Work task =
Beginning with the line containing "高密纯棉纱布枕巾一对装简约全棉柔软家用成人枕头巾吸汗透气盖巾" and ending with the line containing "Seidensticker Linnen Overhemd", write out each line of the records below exactly; pictures and lines outside that range are left out.
START Supplied material
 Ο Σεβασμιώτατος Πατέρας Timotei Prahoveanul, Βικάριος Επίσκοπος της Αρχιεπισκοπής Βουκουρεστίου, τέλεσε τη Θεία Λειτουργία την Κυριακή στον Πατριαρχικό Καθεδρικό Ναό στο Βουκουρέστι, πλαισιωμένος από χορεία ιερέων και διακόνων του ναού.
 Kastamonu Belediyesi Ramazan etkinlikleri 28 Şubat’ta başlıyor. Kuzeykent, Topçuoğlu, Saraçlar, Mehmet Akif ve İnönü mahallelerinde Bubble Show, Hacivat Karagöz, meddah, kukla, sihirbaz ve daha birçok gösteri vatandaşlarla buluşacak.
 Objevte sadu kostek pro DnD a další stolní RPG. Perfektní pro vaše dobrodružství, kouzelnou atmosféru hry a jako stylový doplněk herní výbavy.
END Supplied material
START Supplied material
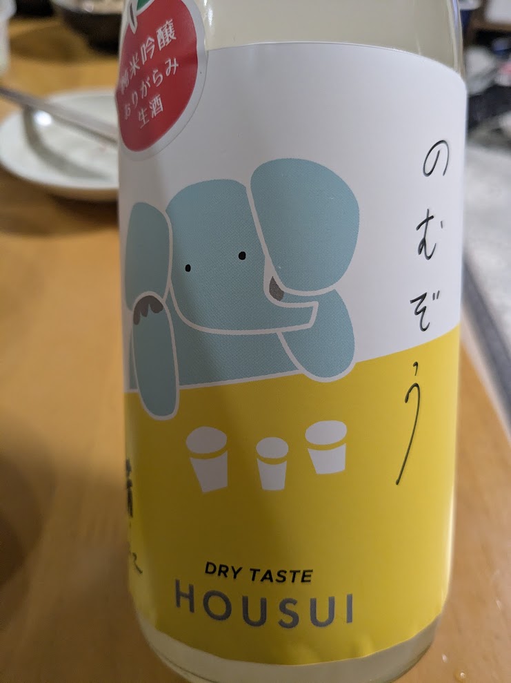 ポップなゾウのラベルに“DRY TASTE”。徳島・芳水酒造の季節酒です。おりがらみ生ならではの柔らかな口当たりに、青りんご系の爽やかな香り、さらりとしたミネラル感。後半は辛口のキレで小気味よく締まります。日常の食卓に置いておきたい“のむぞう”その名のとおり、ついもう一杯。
END Supplied material
START Supplied material
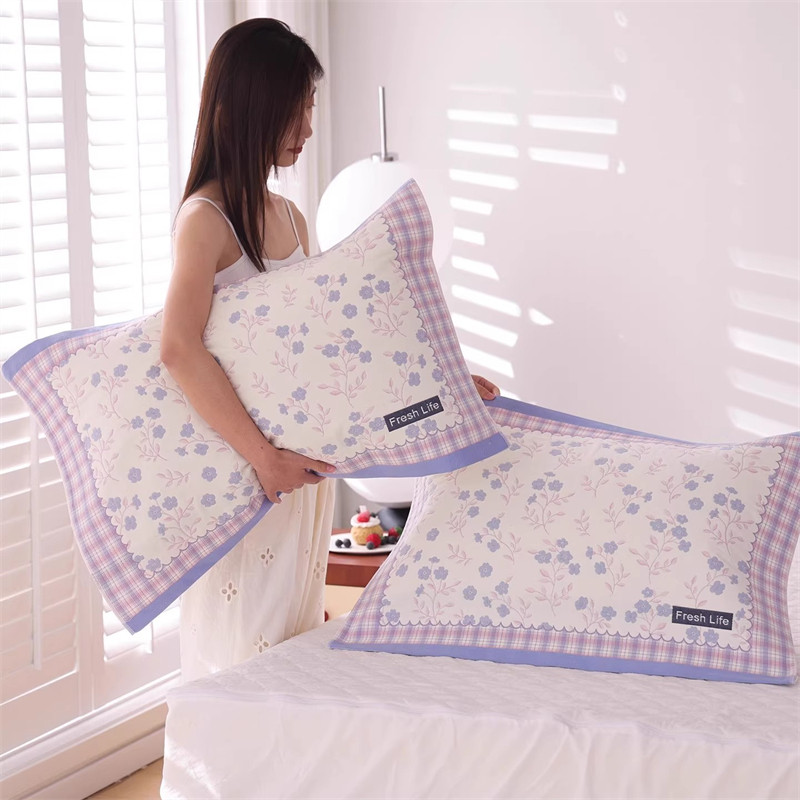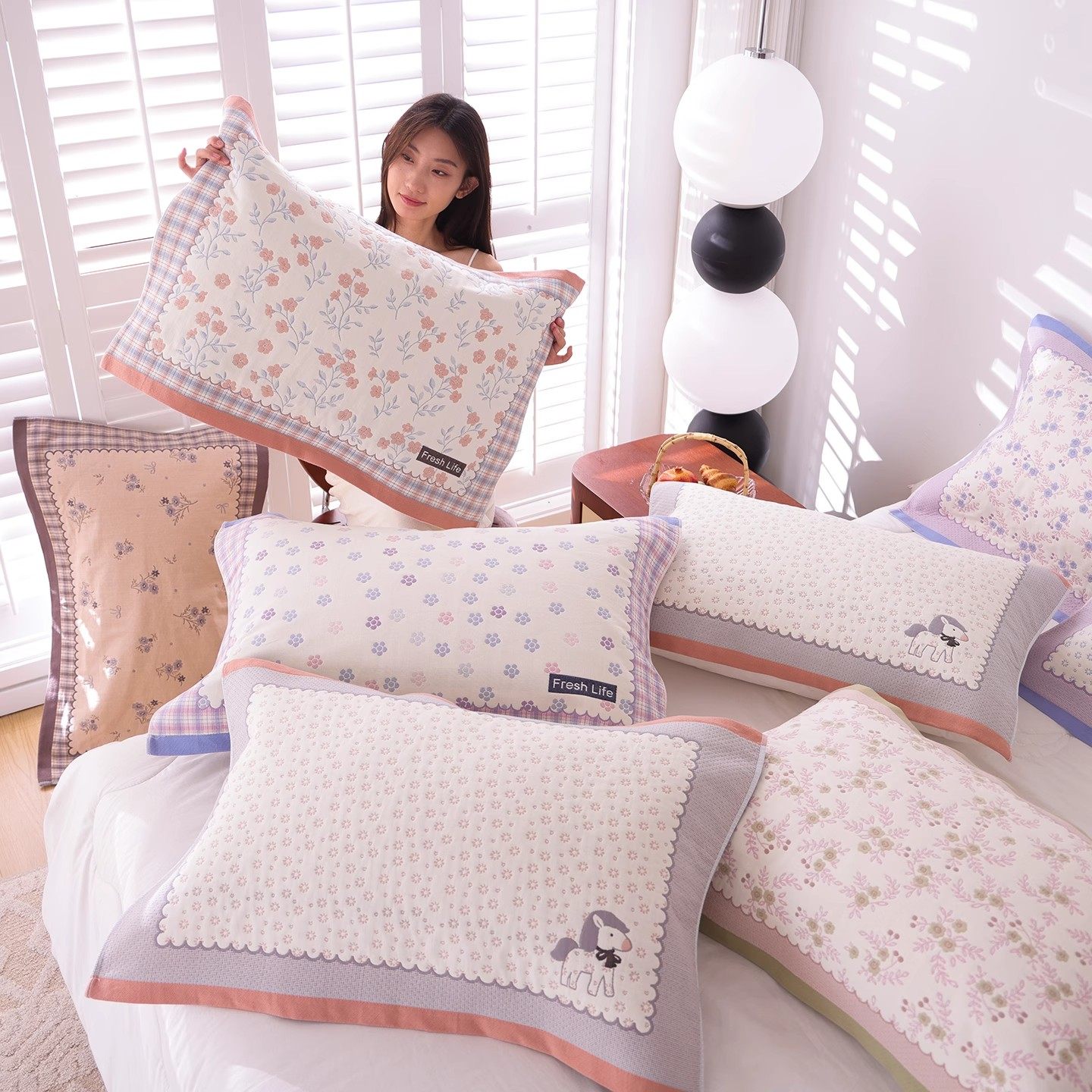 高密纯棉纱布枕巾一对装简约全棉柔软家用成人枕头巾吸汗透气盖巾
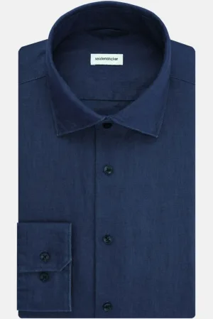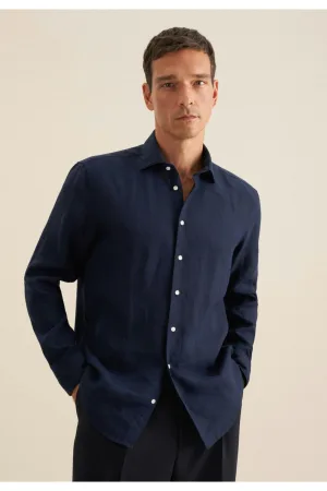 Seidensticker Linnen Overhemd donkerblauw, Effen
END Supplied material
Solution below =
 高密纯棉纱布枕巾一对装简约全棉柔软家用成人枕头巾吸汗透气盖巾
 Seidensticker Linnen Overhemd donkerblauw, Effen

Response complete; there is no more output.